- The Dow Jones closed at a record high this week with rising sentiment.
- Earnings have not grown in tandem with the stock market and it has fund managers worried.
- Analysts increasingly predict a sharp pullback in the first half of 2020.
The Dow Jones Industrial Average (DJIA) closed at a record high at 28,645 this week, fueled by high liquidity and strong performance from FAANG stocks. Yet, fund managers are concerned earnings growth is not proportional to the market’s rally.
The U.S. stock market is up nearly 30% year-to-date. During the same period, earnings only rose by 3% since January.
Low earnings present a risk to the Dow Jones
Earnings growth in the first and second quarter of 2020 are expected to range from 5% to 6%., according to financial research firm FactSet.
The company said:
Looking ahead, analysts see a decline in earnings in the fourth quarter followed by 5% to 6% earnings growth for Q1 2020 and Q2 2020. The forward 12-month P/E ratio is 17.5, which is above the 5-year average and above the 10-year average.
Considering the substantial increase in the valuations of major U.S. conglomerates such as Apple and Microsoft, the anticipated earnings growth rate remains low.

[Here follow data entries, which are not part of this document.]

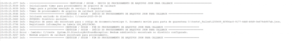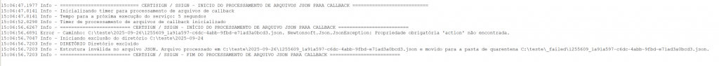 Quando ocorre falha de processamento, o arquivo correspondente é movido automaticamente para a pasta de quarentena (\failed) para análise manual.
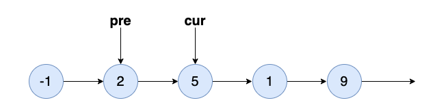 pre.next = cur.next;
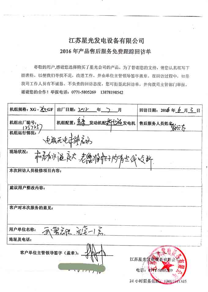 2016年6月3日,我星光动力集团售后技术人员到广西武警总队,对我公司为其提供的两台250KW发电机组进行免费回访。技术人员检查机组的机油、水箱水、风扇皮带等附件设备,启动机组,发现一台未能启动,老鼠将柜子内的部分线咬断。最好技术人员建议用户做好机组维护和发电机房的清洁工作,解决机房湿度大等问题。下面是本次回访记录:
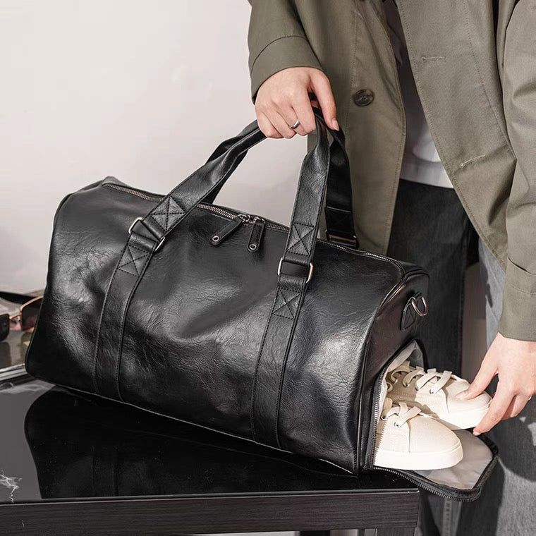 حقيبة جلدية سوداء عالية الجودة مع جيب حذاء
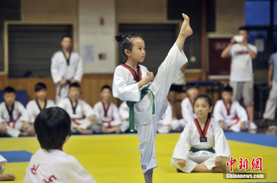 8月10日,2014年全国跆拳道俱乐部联赛在重庆正式开赛。来自重庆、云南、四川、贵州、山西等10个省市的跆拳道俱乐部和培训机构的1468名业余运动员展开角逐。此次大赛为期4天,设竞技、品势、特技等项目。据悉,参赛的运动员年龄最大的18岁,年龄最小的只有6岁。陈超 摄
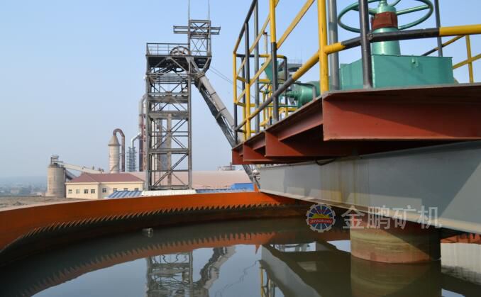 1、濃度計;2、流量計;3、耙子驅(qū)動和提升軸;4、混合攪拌器;5、砂漿和絮凝劑混合筒;6、濃相界面?zhèn)鞲衅?7、可調(diào)速絮凝劑泵;8、絮凝劑貯槽;9、溢流液泵;10、溢流液中間槽;11、濃相界面與底流濃度控制聯(lián)鎖流量計;12、底流氣動隔膜泵l13、耙子;14傾斜板

One high profile fund manager sees 15% drop in 2020
On CNBC’s Trading Nation, Cresset Capital chief investment officer Jack Ablin said that current valuations are stretched. As a result, the U.S. stock market could see a 15% drop in the first half of 2020.
One variable for the Dow Jones heading into 2020 is the Federal Reserve. If the Fed lowers interest rates at any point in 2020, it’s likely to prevent stocks from seeing an anticipated downturn, said Ablin.
Even then, he struggles to see specific catalysts to act as a further boost for the Dow Jones.
The robust U.S. economy, put together with a record low unemployment rate and relaxed financial conditions, could be another variable that helps the stock market prevent a major correction at the start of next year.